Como o "meu amigo" estava a fim de me humilhar, a aula continuou. "Professor, sabe como essa história do 13 começou? Culto como o senhor é devia saber. Na última ceia de Cristo, com 12 apóstolos, sabe quem foi o último a sentar-se? Ele mesmo, Judas Iscariotes, o traidor. Daí pra frente, a coisa espalhou que nem fake news em época de eleição. Lembra a Apolo 13 da Nasa? A cápsula partiu para a Lua às 13h13min no dia 11 de abril de 1970. Dois dias depois, dia 13 né, o tanque de oxigênio explodiu. Felizmente os 3 astronautas conseguiram voltar correndo para a Terra. E, na Fórmula 1, sabe a história dos carros com número 13? Dois acidentes fatais, um em 1925 e outro em 1926. Sabia, professor, que 80% dos prédios nos Estados Unidos fazem o elevador pular do andar 12 para o 14? E que, em muitos aeroportos, o portão de embarque 13 foi abolido? Eu, humilhado, era um peixe cabisbaixo se afogando. Naquele momento, o que mais eu queria era um anzol que me arrancasse daquela água. Mas de uma coisa eu tinha certeza: aquele merda tinha decorado todas aquelas informações só para me humilhar.

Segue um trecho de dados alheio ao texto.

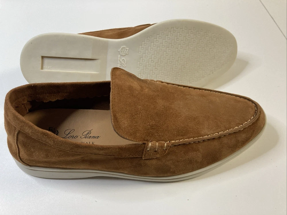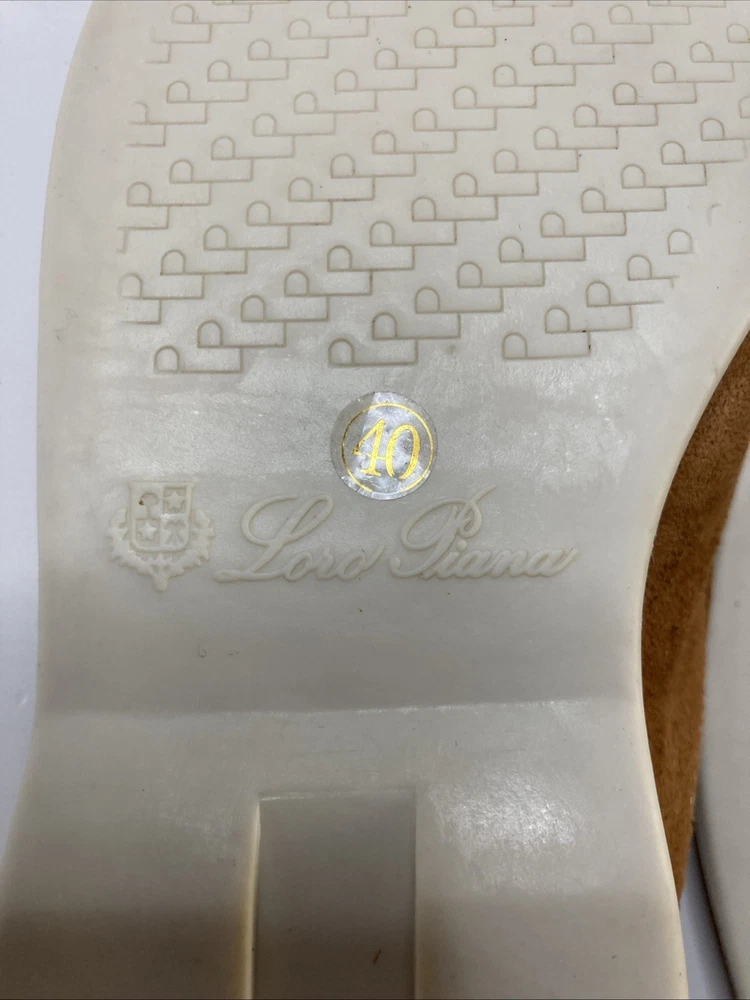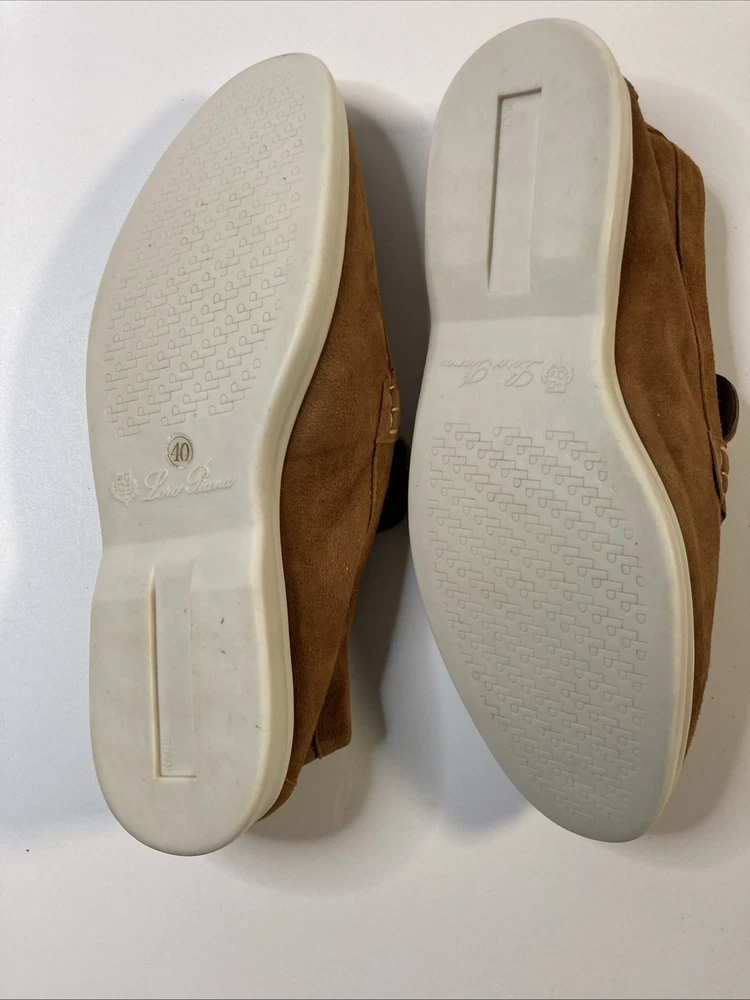 The product is a pair of Italian hand-made Loro Piana summer walk women's suede loafers in a stylish brown color. Crafted with high-quality materials, these loafers are designed to provide comfort and sophistication for any summer outing. The size is 8.5, narrow which is equivalent to a European 40, making them a versatile choice for various occasions. Perfect addition to any woman's shoe collection, these loafers embody Italian craftsmanship and timeless style. Only worn once so this is someone’s good fortune if looking for hand made Italian loafers Thanks for looking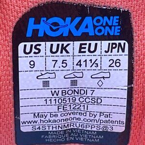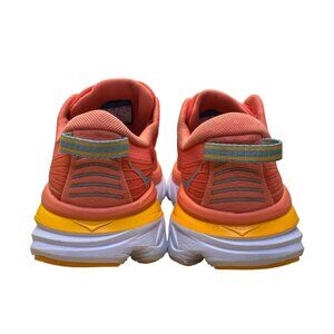 Hoka Women’s Coral & Yellow Mesh Bondi 7 Cushioned Running Shoes Trainers Size 9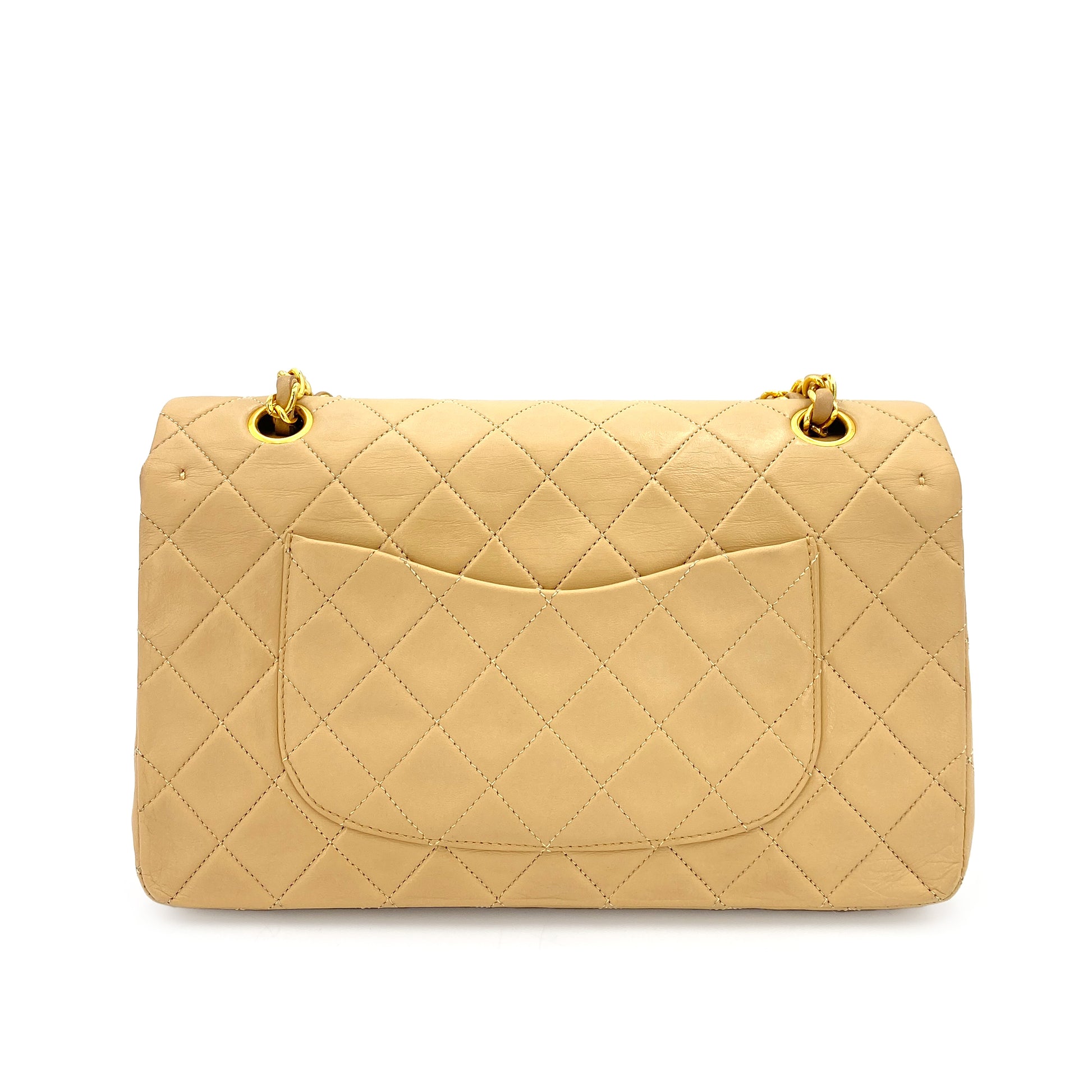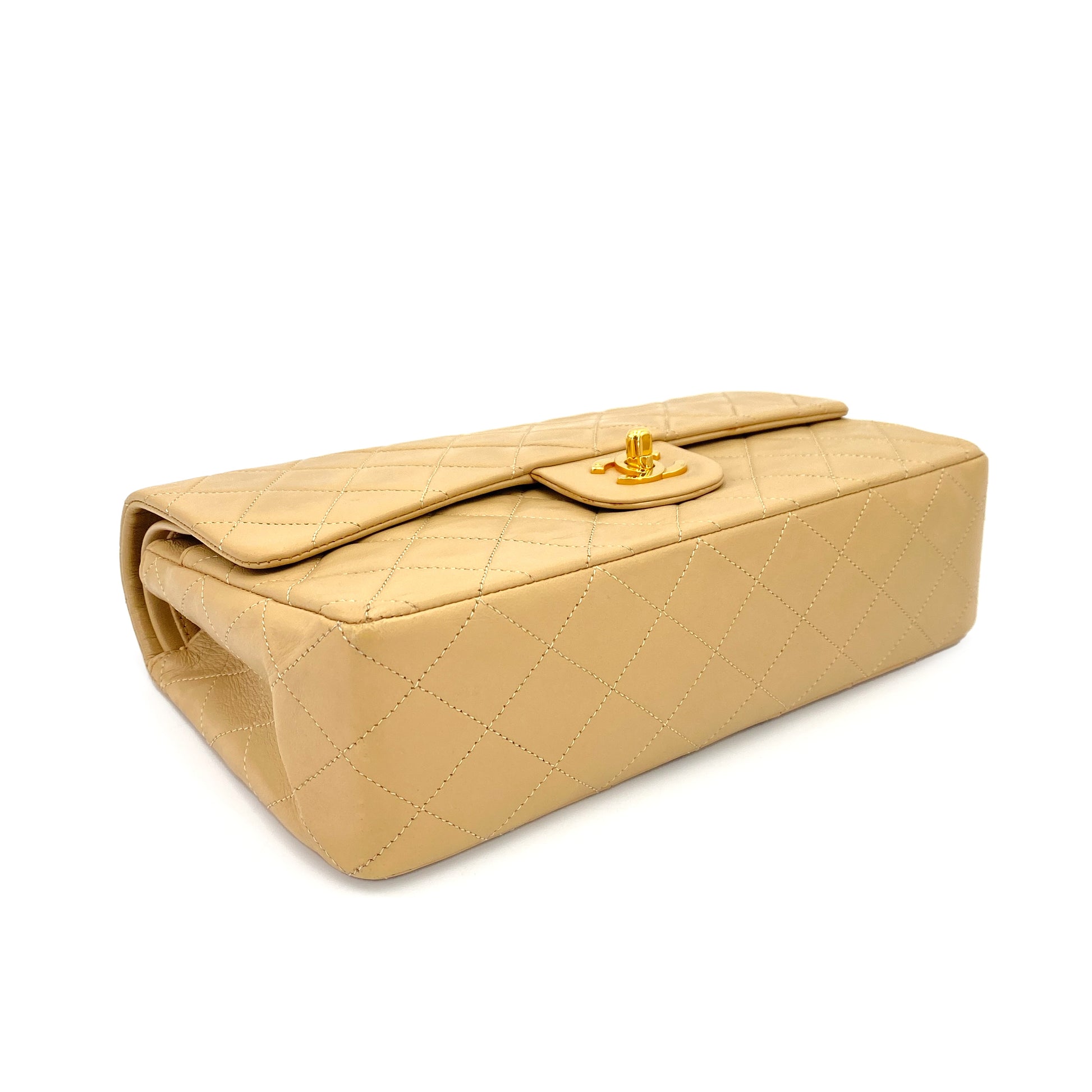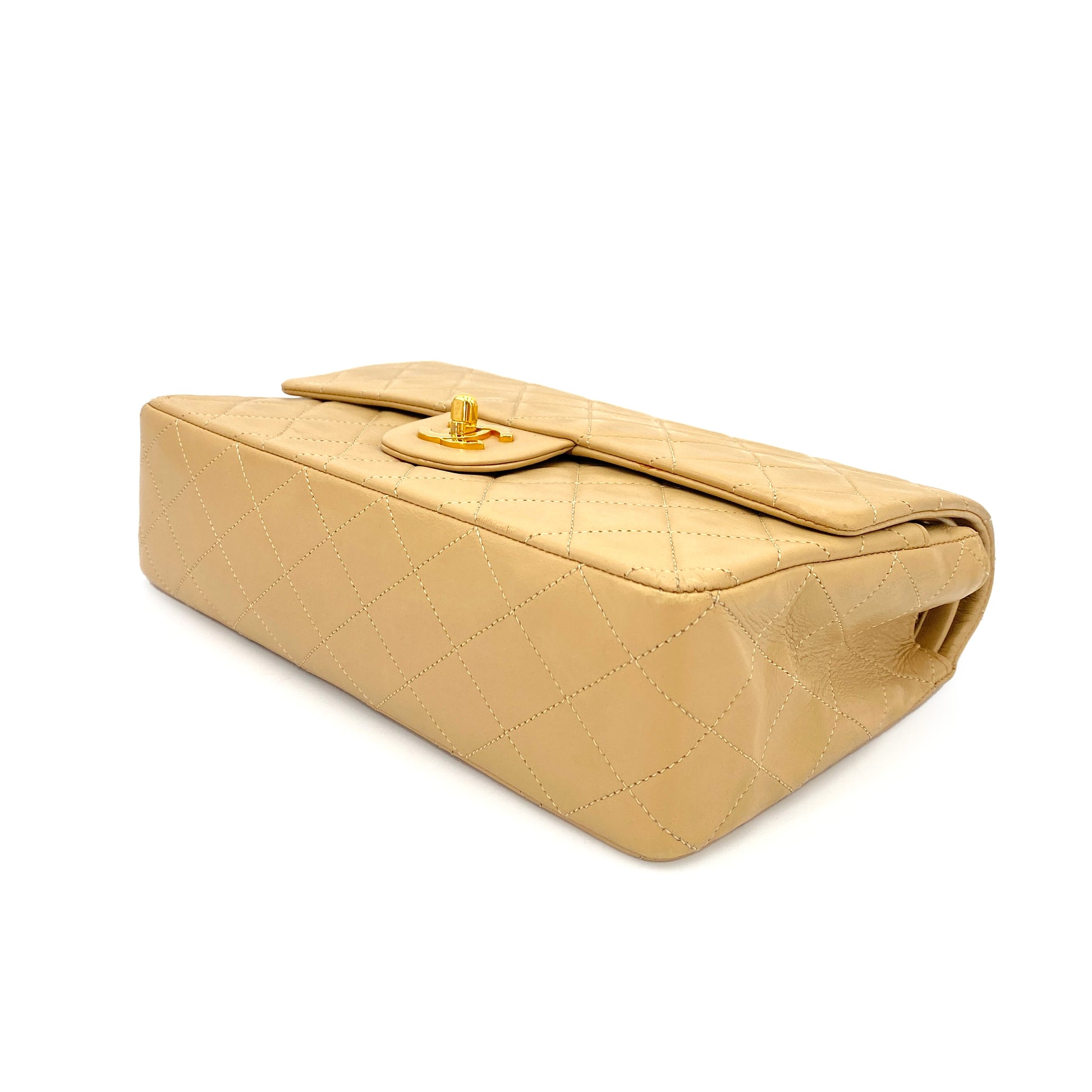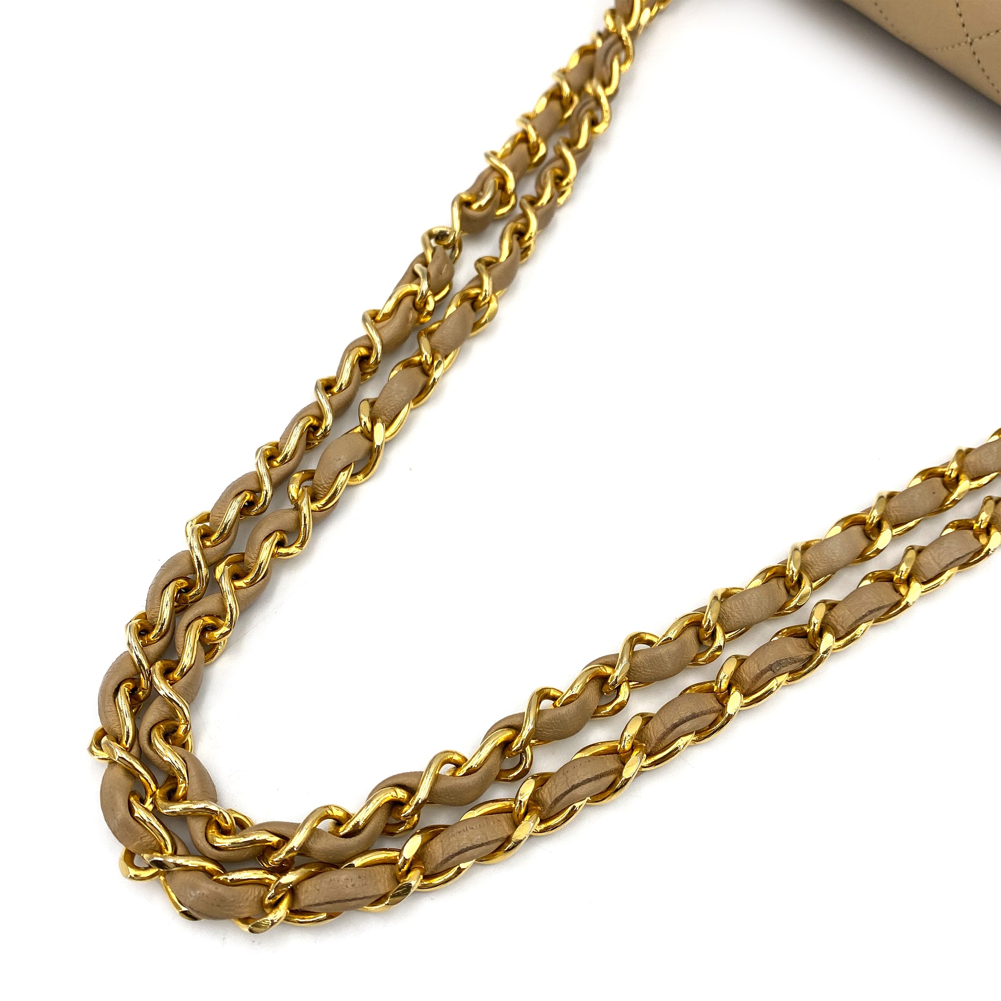CHANEL VINTAGE CLASSIC FLAP MEDIUM CHAIN SHOULDER BAG BEIGE LAMB SKIN 90242660

Quando, aliviado, eu me despedia dele, um gato preto cortou a nossa frente. Professor, olha que interessante! A gente falando de azar e ele aparece de repente. O senhor sabe de onde vem essa história de que gato preto dá azar? Emudeci. Amaldiçoei ter me levantado da cama. Era muito azar juntar, num dia só, o "amigo", o número 13 e o gato preto. Antes que ele começasse a me humilhar com a segunda aula, lembrei-me do que aconteceu recentemente como o ator Bruno Gagliasso. Sei que todo mundo é bem informado, mas não custa relembrar. Bruno, durante a gravação do "Quem pode, Pod", pediu às apresentadoras Giovanna Ewbank e Fernanda Paes Leme que interrompessem a gravação. Ao vivo, o galã de olhos azuis fez revelação assustadora: "Acho que caguei nas calças!" E sumiu para o camarim.

Para fugir do chato que me estressava, aproveitei a ideia: "Desculpe-me, cara, a gente se fala depois! Caguei nas calças!" Escafedi-me. Gente, nunca pensei que existisse, na língua portuguesa, um verbo tão expressivo e apropriado!

 O autor é professor de redação e autor de obras didáticas e ficcionais.